# slow cooking a 30 lbs inside round



## bruin (Sep 15, 2016)

I have not slow cooked one this large before can I get some help with temp and duration in a regular oven please  i have a probe but very important the meat is ready at a specific time


----------



## chefbillyb (Feb 8, 2009)

I cooked a lot  of these over the years. I used Top rounds on my buffets and for all my roast beef needs on the front line. As long as it's carved thin it's tender. The problem I had with a real large Top round was it took so darn long to cook. They were a PITA to have ready when need. The good thing was they hold well in the warmer. I know I cooked mine at 350 degrees in a convection oven. All that being said and because the roast will hold in a warmer cooking ahead is fine. In most all cases the top round comes with a fat cap that protects the meat from direct heat. I would also roast it on a rack so it doesn't over cook from the bottom up. Because you starting out with a big cold chunk of beef it's hard to put a time on it.

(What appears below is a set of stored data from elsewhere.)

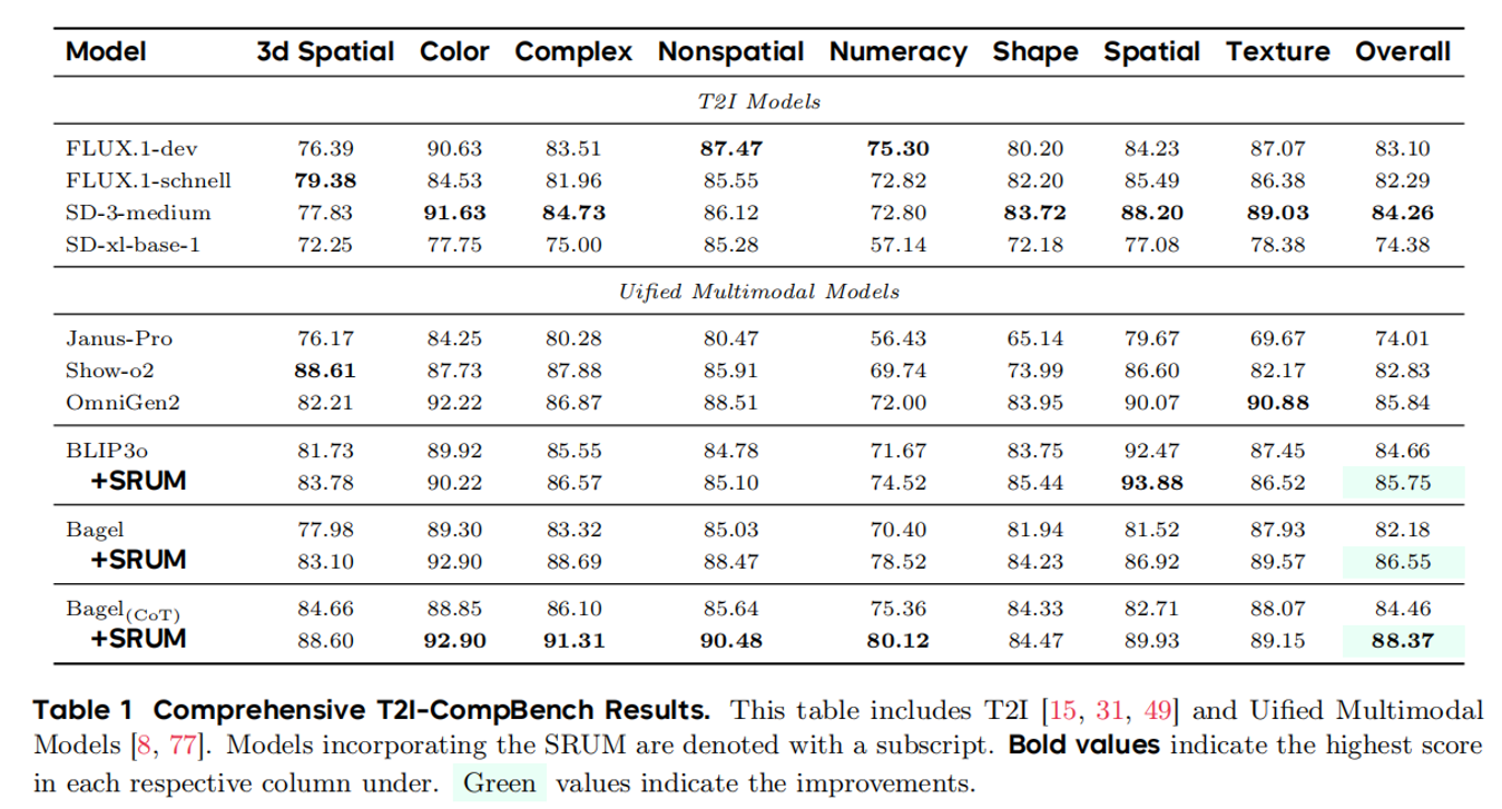 由此,SRUM通过一些指令设计,能让理解端能够直接为生成端提供密集的奖励信号。实验上,仅使用约6k条提示和极少的训练时间,就能在T2I-CompBench上提升4–6个点,并在Geneval,WISE,T2I-Reasonbench上表现出优秀的泛化性能。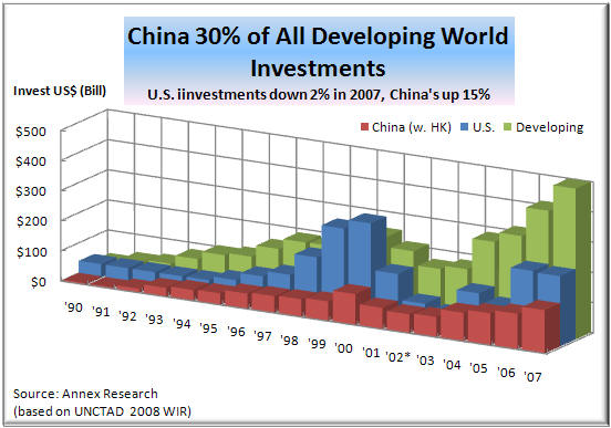 things in perspective, even after th And China, in turn, is dwarfed by the investments that the developed countries are making in each other's markets (right chart). It is there where the bulk of the growth in the last two years has come from. Since 2005, foreign investments in developed countries have more than doubled (from $611 billion to $1.25 trillion). In 2007 alone, they were up by 33%, while investments in the developing world rose by 21%. As you saw earlier, the EU investments were up 43% in 2007. If this trend were to continue, it would only widen the gap between the "have's" and the "have not's" in the world. Of course, that's nothing new (see "The Great Divide Widens," Oct 2008). SummaryThe "globalization pandemic" was very much in evidence throughout 2007. But it came to an abrupt halt last year. The only thing that remains to be seen when the UNCTAD surveyors collect and publish their data about the 2008 financial tsunami is by how much the global investments shrank. With the massive spending on the Olympics in 2008, China is still likely to stay ahead of the pack in the developing world. And India's cheap labor appeal is even more appealing in a recession than in good times. So we should look for the steepest reductions in the markets that have gone up the most in the 2005-2007 period - developed countries, especially the EU and the U.S. Alas, but the U.S. hasn't gone up that much, you're saying? In fact, it shrank even in 2007. Exactly. The financial engine of the world is being fueled by overseas economies. Nothing new there, except for the uninitiated. After all, five years ago, China's foreign investments were even bigger that those in the U.S. (see An Analysis of Global Investments 2003, Jan 2004). We have become the net exporters of both capital and jobs. Which is what the "globalization pandemic" is really about. But every so often, we hit a wall. Sometimes quite hard, like right now. In short, the law of gravity applies to global economics, too: "What goes up must come down." Even the Wall Street bankers are not immune from that. Of course, in plutocracy, they can always engineer a soft landing. Enter government (read taxpayer) bailouts. Happy bargain hunting! Bob Djurdjevic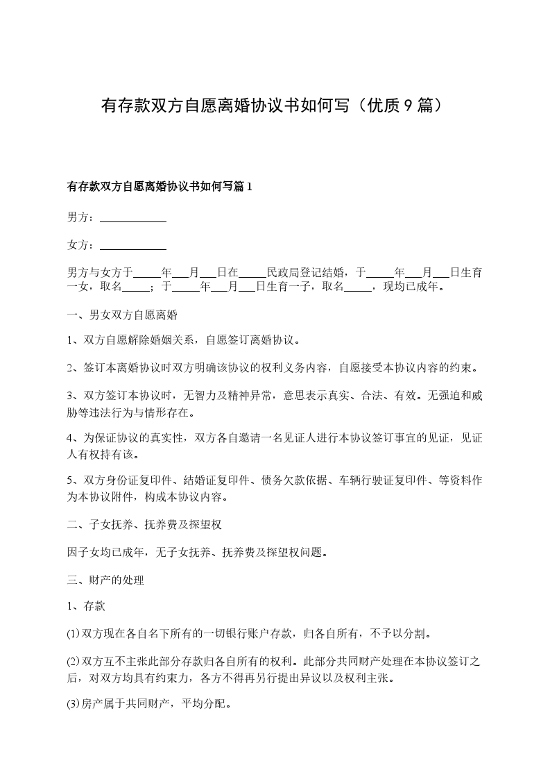 有存款双方自愿离婚协议书如何写篇9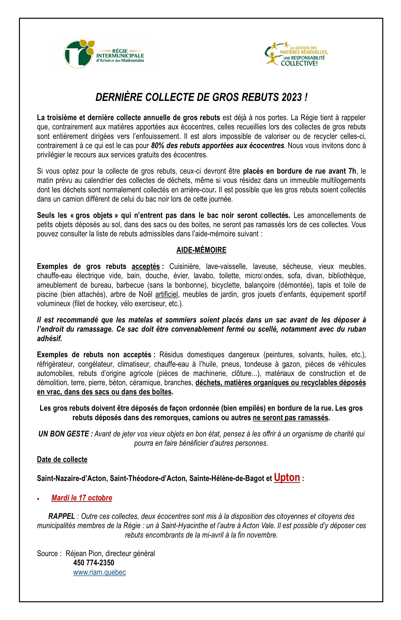 Dernière collecte de gros rebuts: mardi, le 17 octobre 2023 Upton2023-09-25T10:36:31-04:00 Partagez sur les réseaux sociaux FacebookXLinkedInPinterestEmail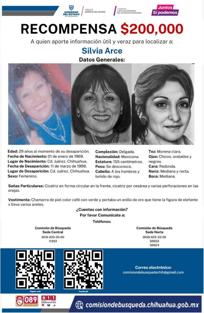 Cd. Juárez, Chihuahua. La familia de Silvia Arce, una mujer de 29 años que desapareció el 11 de marzo de 1998, ofrece una recompensa de $200,000 a quien proporcione información útil y veraz para localizarla.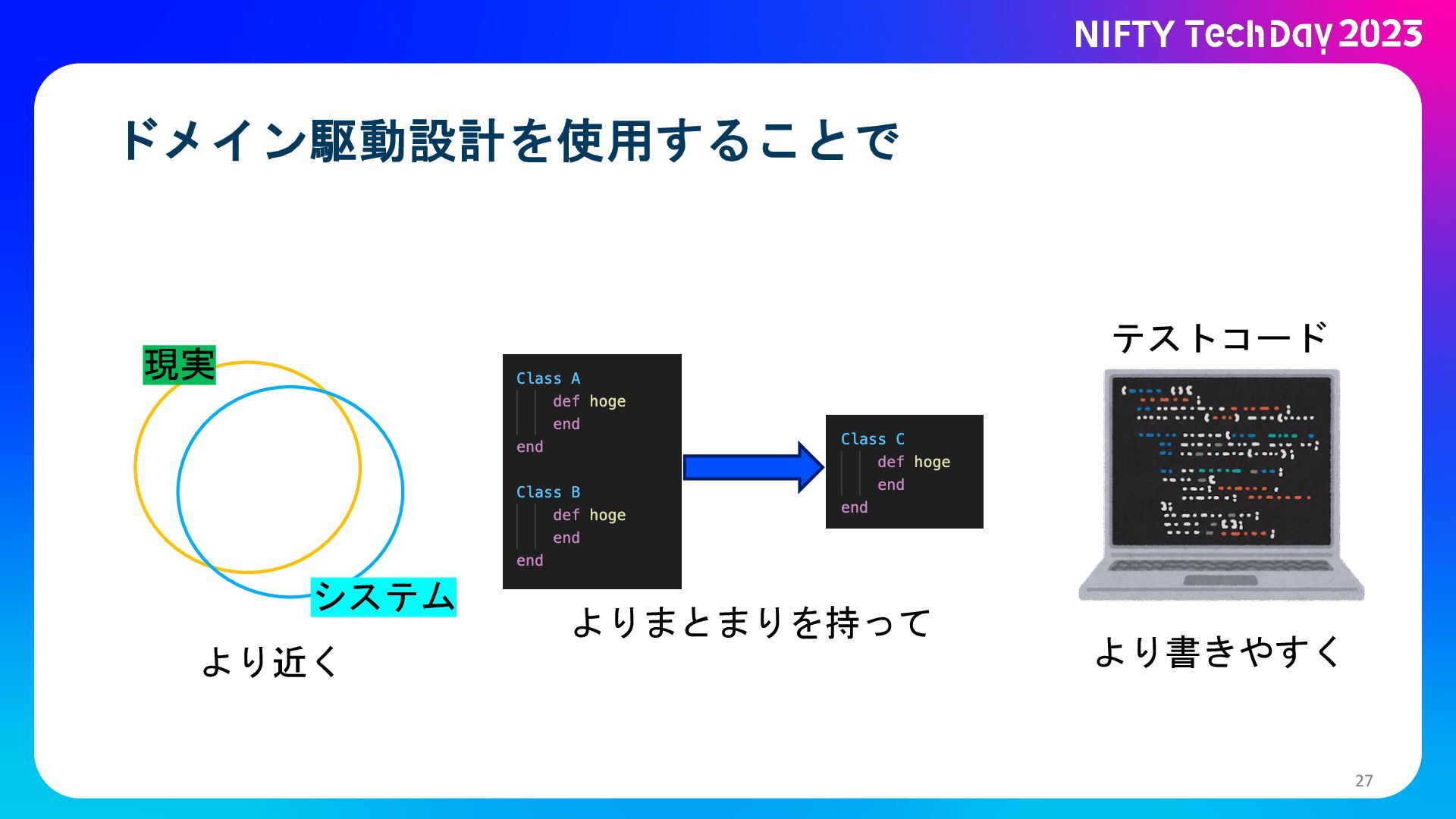 ドメイン駆動設計を使用することで 27 現実 システム より近く より書きやすく テストコード よりまとまりを持って
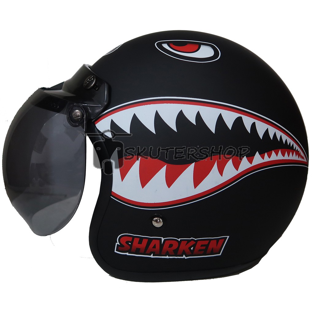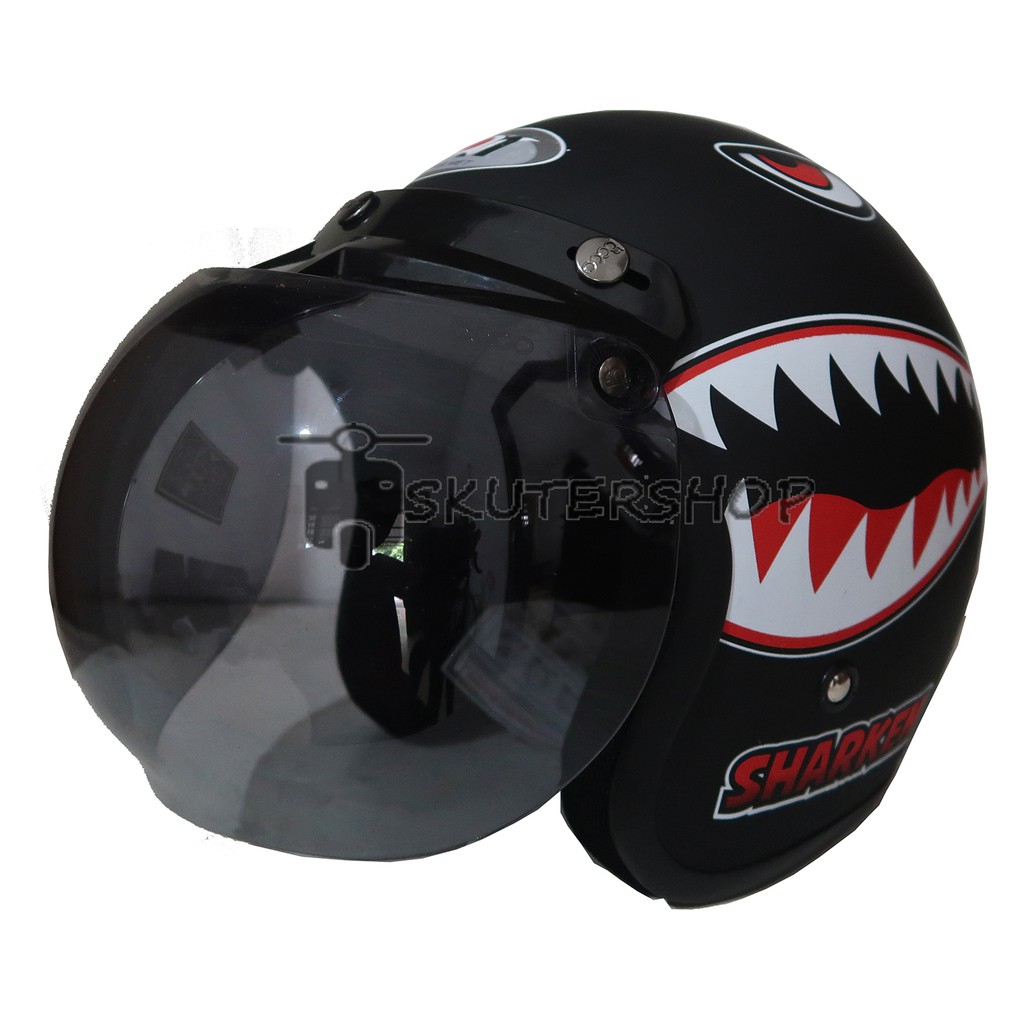 Skutershop Helm Bogo Retro SNI JPN Klasik Jap Style The Sharken Meg Wild Eyes Hitam Doff Kaca Ori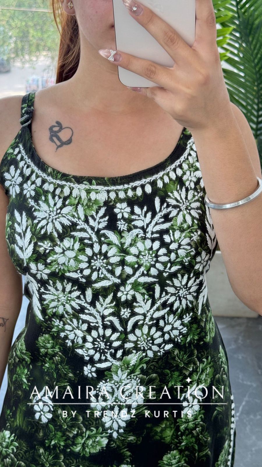 Design: A stunning botanical fusion featuring heavy white floral embroidery on the neckline that flows into a lush, forest-green leaf print. The sleeveless, straight-cut silhouette offers a modern, sharp look.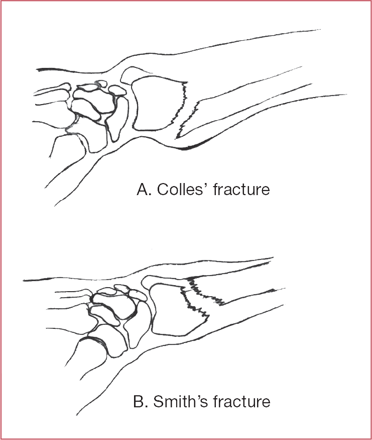 Distal radius fragment is dorsally displaced (CD). Associated with triangular fibrocartilage complex (TFCC) tears.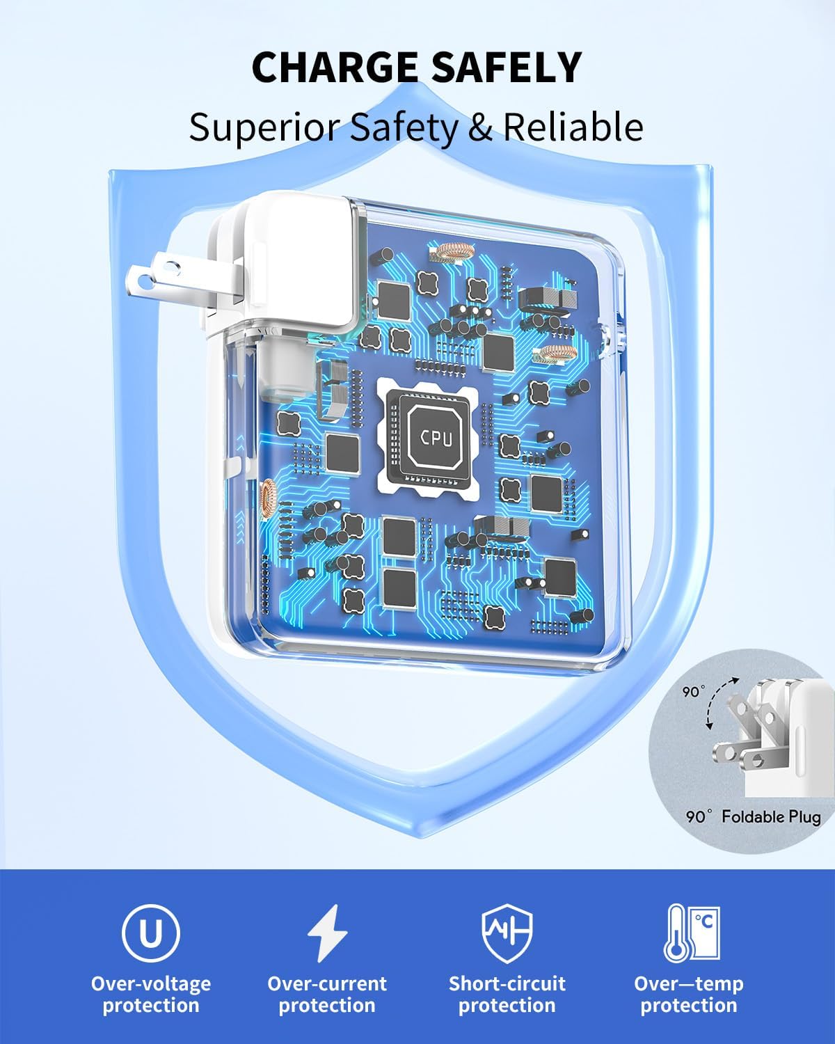 140W PD Fast Charging: Whether at home, in the office, or outdoors, usb c mag 3 cable ensures that you'll always have the power you need. 140W PD fast charging saves your time in charging. An amber light lets you know that your notebook is charging, while a green light tells you that you have a full charge.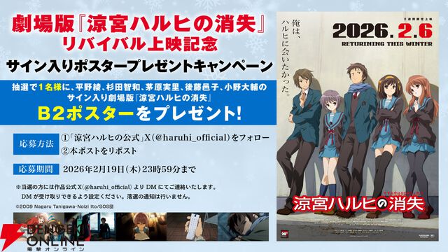劇場版『涼宮ハルヒの消失』リバイバル上映2週目の入場者特典は“復刻フィルムブックマーク”に決定。2010年公開当時に劇場で使用されていた貴重な一品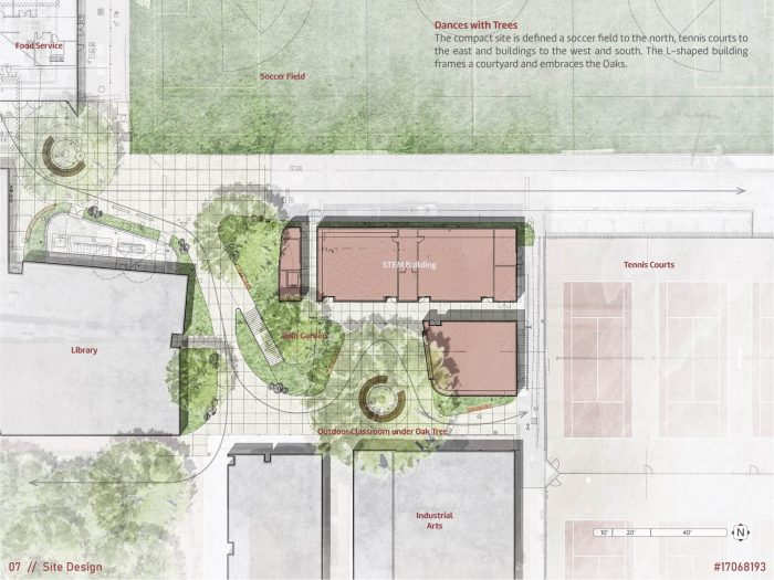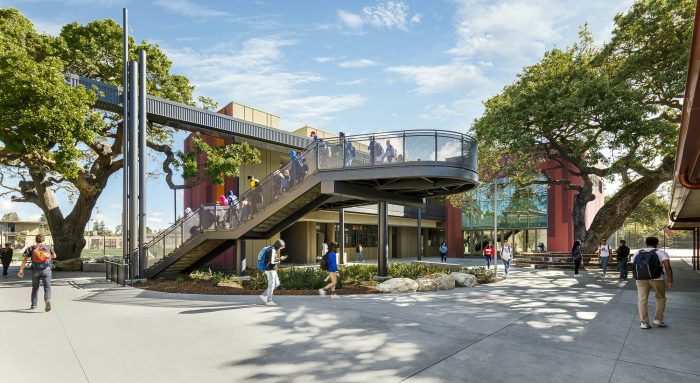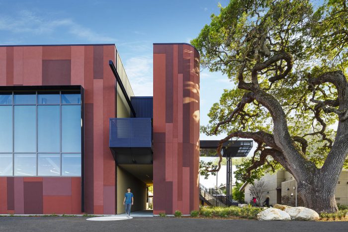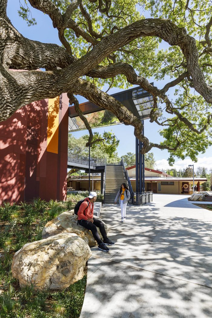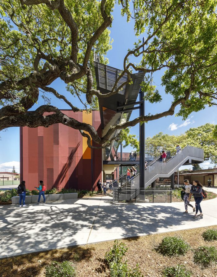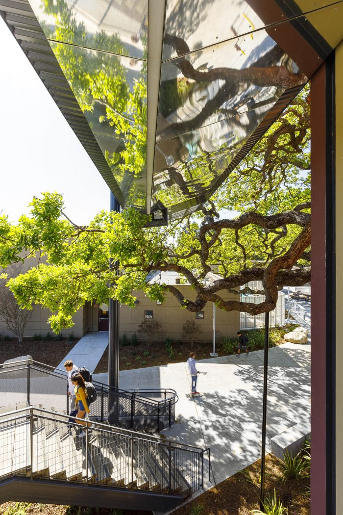 The design of the STEM building for Menlo-Atherton High School, located in a suburban community between San Francisco and San Jose, embraces sustainable design through a “dialog” with the existing heritage Valley Oak trees on the site. The mature trees dot the grounds of the campus, including two situated right where the school’s master plan called for the facility.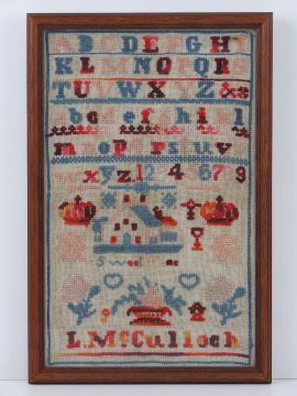 A late 19th century needlepoint sampler, framed, bearing alphabet and numbers and entitled 'Sweet Home', undated signed L McCulloch, 13 x 19cm.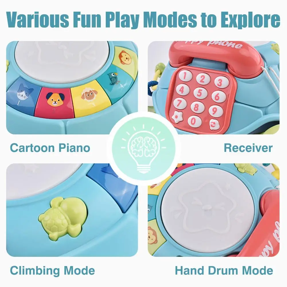 Различные режимы веселой игры для изучения: погоня за ползающей черепашкой, играя в ручной барабан, набрав номер телефона, колыбельные, животные и 5 звуковых эффектов музыкального инструмента, вращающиеся бусины. Ваш малыш не сможет держать глаза и руки от этих музыкальных игрушек.

I would put it in at a lower temp and adjust the temp along the way so as to assure the roast is done when needed.


----------



## chefbuba (Feb 17, 2010)

I have also cooked a lot if these, but always bought in the 20lb range, those took 2 1/2-3 hrs at 350 pulled at 120.


----------



## bruin (Sep 15, 2016)

Thanks guys but i am committed to the 225 to 235 temp range. Although i have surrendered and cut my 30 lbs into two. I am going to quickly sear all sides and set my probe for 135 to shut off. I am thinking 11 hours


----------